Exercise brief: Without including pictures, set down every record exactly as it stands.

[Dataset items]
┄┄┄┄┄┄┄┄┄┄

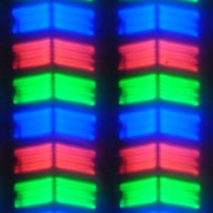 В данном смартфоне используется матрица типа IPS. Микрофотографии демонстрируют типичную для IPS структуру субпикселей:
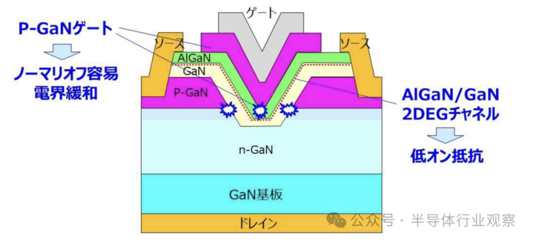 p-GaN栅(Gate)结构的垂直型JFET特点如下,通过将栅(Gate)周边调整为p-GaN/AlGaN/GaN,使常关闭(Normally-off)和低ON阻值成为了可能(下图4)。电流流经路径的一部分会形成与HEMT通道(Chanel)类似的二维电子气(2D EG)。因此,易于降低ON阻值,更适用于高速工作。通过将此类垂直型JFET应用于高频开关电源线路、电机驱动线路,不仅有利于提升功率,有利于实现电路中零部件的小型化(如线圈等)。此外,还可以利用栅部分的p-GaN来减轻电流阻挡层端部的电场,以降低电流的泄露。
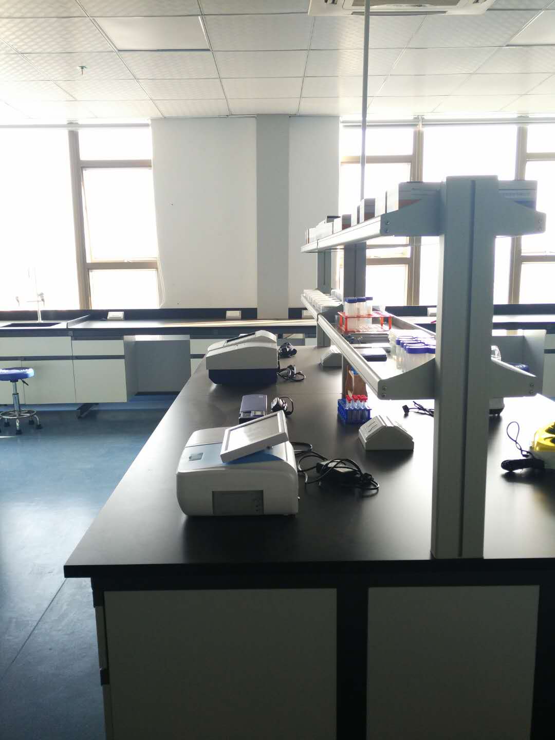 實驗室邊臺,通風廚、儲物柜、冰箱、空調、辦公設備等設施 |
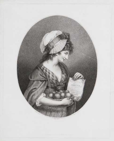 Half-length young woman, body facing three-quarter to right, head turned in profile to right, wearing a hat with ribbons, holding a basket of oranges in right hand, a paper inscribed "Theatre Royal, Drury-lane Isabella". Isabella, or, The Fatal Marriage, was a play by Thomas Southerne, which was adapated by Garrick with Sarah Siddons playing the title role. De Vesme 1288: ii/iv.
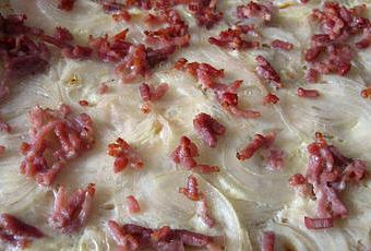 Couvrir chaque tarte de rondelles d'oignons puis de lardons allumettes (prévoir 300 g de lardons pour la totalité de la recette) et cuire à four chaud pendant environ 5 min dans le four à pizza électrique, sur thermostat 2,5 ou environ 15 min dans le four traditionnel (suivant les fours) Th. 250°C.
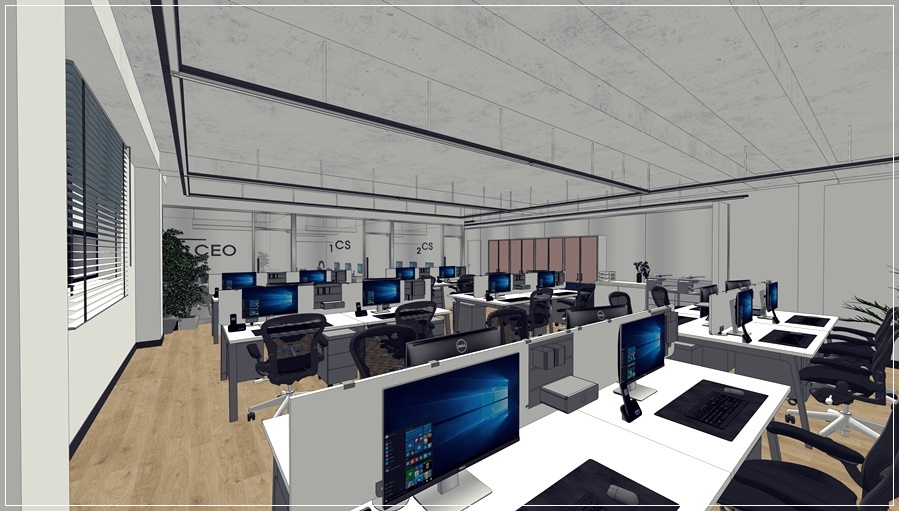 집중적인 업무 수행이 필요한 대표님과 CS1, CS2 팀은 개별적으로 공간을 배치해 업무 효율을 높였으며 유리 가벽으로 공간 분리를 명확하게 해 영역성을 부여했습니다. 대표실은 업무에 필요한 최소한의 면적과 인테리어를 적용했고 협소한 공간임을 감안해 수납가구 대신 선반을 계획해 실용적으로 사용할 수 있도록 했습니다. CS룸은 벽면으로 책상을 배치해 업무 집중도를 높였고 조명은 실용적인 크기로 계획해 에너지 절약을 실천했습니다.
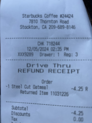 OFFICIAL POST! WARNING SCAMMING CUSTOMERS! ALL reviews are fake as you can see the worst ones are displayed first because they carry the most truth and relevance. I came in on Thursday December 5th at approx 235 pm, ordered oatmeal, get to the window and they failed to tell me that they were out of the key Ingredients that you add to the oatmeal, brown sugar, nuts, and Dried fruit. So they charged me, cognitively knowing that they were cutting me short, this is proven by the Pre-packed bag and in a sneaky fashion, not tell me about it, this probably happens to dozens of people per week. If you cannot complete an item in its entirety, then you should not promote it on your menu anymore or at least tell people. I will be calling the corporate office and reporting that this location and the one down the street on Lincoln that they advertise the sale of items that are incomplete now I have to wait because of their malpractice, 2 to 3 business days for the funds to return, which is also inconvenience, not per se to myself, but to the low income community, in which Stockton statistically falls into that category. This would mean greedy, corporate companies like this one are stealing from the poor. I am also going to write about this to the Better Business Bureau because managers here should be smart enough to tell their employees what they should and should not be doing in the store. There is no excuse! I went into the other location at the LincolnCenter And I had to ask if they had all the components to the oatmeal, but he was about to charge me as well and they told me they had absolutely nothing. They have no respect or decency to their customers. Also, how do you run out of things by 2 PM and all your stores out here on a Thursday. Obviously, they are not doing...
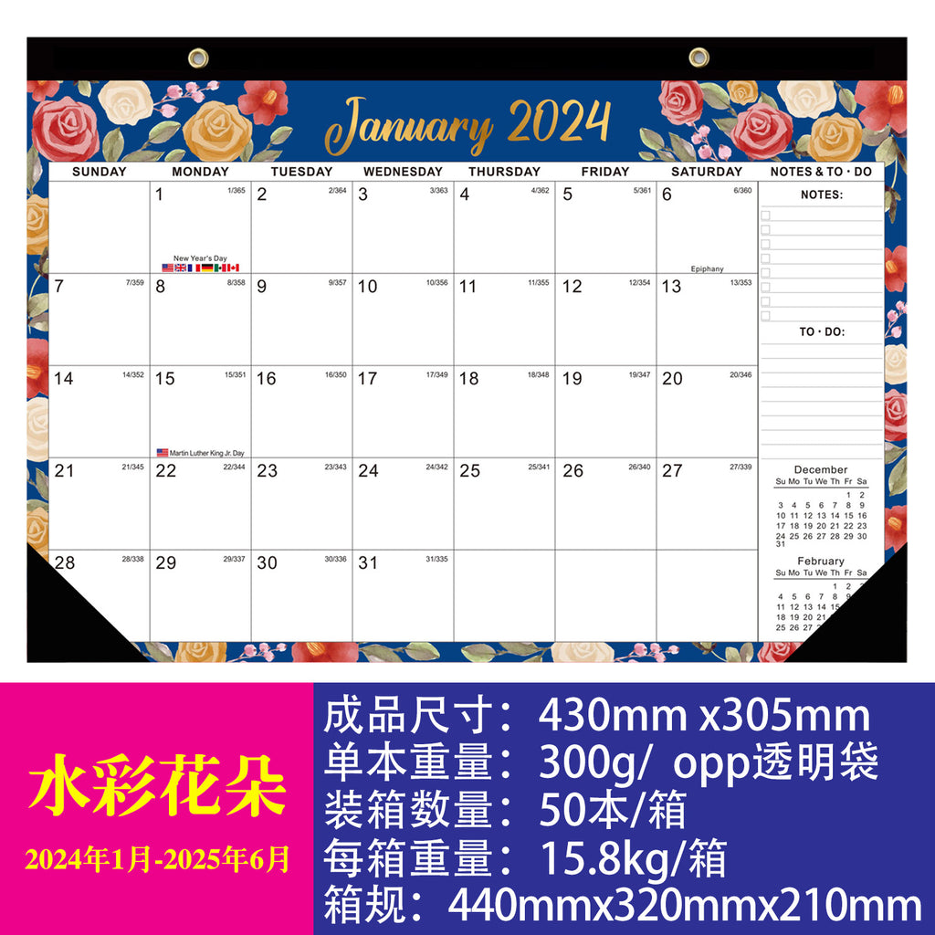 New 2024 English Calendar Amazon Wall Calendar 18 One Countdown English Desktop Simple Desk Calendar

┄┄┄┄┄┄┄┄┄┄

Output of the exercise:
 В данном смартфоне используется матрица типа IPS. Микрофотографии демонстрируют типичную для IPS структуру субпикселей:
 p-GaN栅(Gate)结构的垂直型JFET特点如下,通过将栅(Gate)周边调整为p-GaN/AlGaN/GaN,使常关闭(Normally-off)和低ON阻值成为了可能(下图4)。电流流经路径的一部分会形成与HEMT通道(Chanel)类似的二维电子气(2D EG)。因此,易于降低ON阻值,更适用于高速工作。通过将此类垂直型JFET应用于高频开关电源线路、电机驱动线路,不仅有利于提升功率,有利于实现电路中零部件的小型化(如线圈等)。此外,还可以利用栅部分的p-GaN来减轻电流阻挡层端部的电场,以降低电流的泄露。
 實驗室邊臺,通風廚、儲物柜、冰箱、空調、辦公設備等設施 |
 Half-length young woman, body facing three-quarter to right, head turned in profile to right, wearing a hat with ribbons, holding a basket of oranges in right hand, a paper inscribed "Theatre Royal, Drury-lane Isabella". Isabella, or, The Fatal Marriage, was a play by Thomas Southerne, which was adapated by Garrick with Sarah Siddons playing the title role. De Vesme 1288: ii/iv.
 Couvrir chaque tarte de rondelles d'oignons puis de lardons allumettes (prévoir 300 g de lardons pour la totalité de la recette) et cuire à four chaud pendant environ 5 min dans le four à pizza électrique, sur thermostat 2,5 ou environ 15 min dans le four traditionnel (suivant les fours) Th. 250°C.
 집중적인 업무 수행이 필요한 대표님과 CS1, CS2 팀은 개별적으로 공간을 배치해 업무 효율을 높였으며 유리 가벽으로 공간 분리를 명확하게 해 영역성을 부여했습니다. 대표실은 업무에 필요한 최소한의 면적과 인테리어를 적용했고 협소한 공간임을 감안해 수납가구 대신 선반을 계획해 실용적으로 사용할 수 있도록 했습니다. CS룸은 벽면으로 책상을 배치해 업무 집중도를 높였고 조명은 실용적인 크기로 계획해 에너지 절약을 실천했습니다.
 OFFICIAL POST! WARNING SCAMMING CUSTOMERS! ALL reviews are fake as you can see the worst ones are displayed first because they carry the most truth and relevance. I came in on Thursday December 5th at approx 235 pm, ordered oatmeal, get to the window and they failed to tell me that they were out of the key Ingredients that you add to the oatmeal, brown sugar, nuts, and Dried fruit. So they charged me, cognitively knowing that they were cutting me short, this is proven by the Pre-packed bag and in a sneaky fashion, not tell me about it, this probably happens to dozens of people per week. If you cannot complete an item in its entirety, then you should not promote it on your menu anymore or at least tell people. I will be calling the corporate office and reporting that this location and the one down the street on Lincoln that they advertise the sale of items that are incomplete now I have to wait because of their malpractice, 2 to 3 business days for the funds to return, which is also inconvenience, not per se to myself, but to the low income community, in which Stockton statistically falls into that category. This would mean greedy, corporate companies like this one are stealing from the poor. I am also going to write about this to the Better Business Bureau because managers here should be smart enough to tell their employees what they should and should not be doing in the store. There is no excuse! I went into the other location at the LincolnCenter And I had to ask if they had all the components to the oatmeal, but he was about to charge me as well and they told me they had absolutely nothing. They have no respect or decency to their customers. Also, how do you run out of things by 2 PM and all your stores out here on a Thursday. Obviously, they are not doing...
 New 2024 English Calendar Amazon Wall Calendar 18 One Countdown English Desktop Simple Desk Calendar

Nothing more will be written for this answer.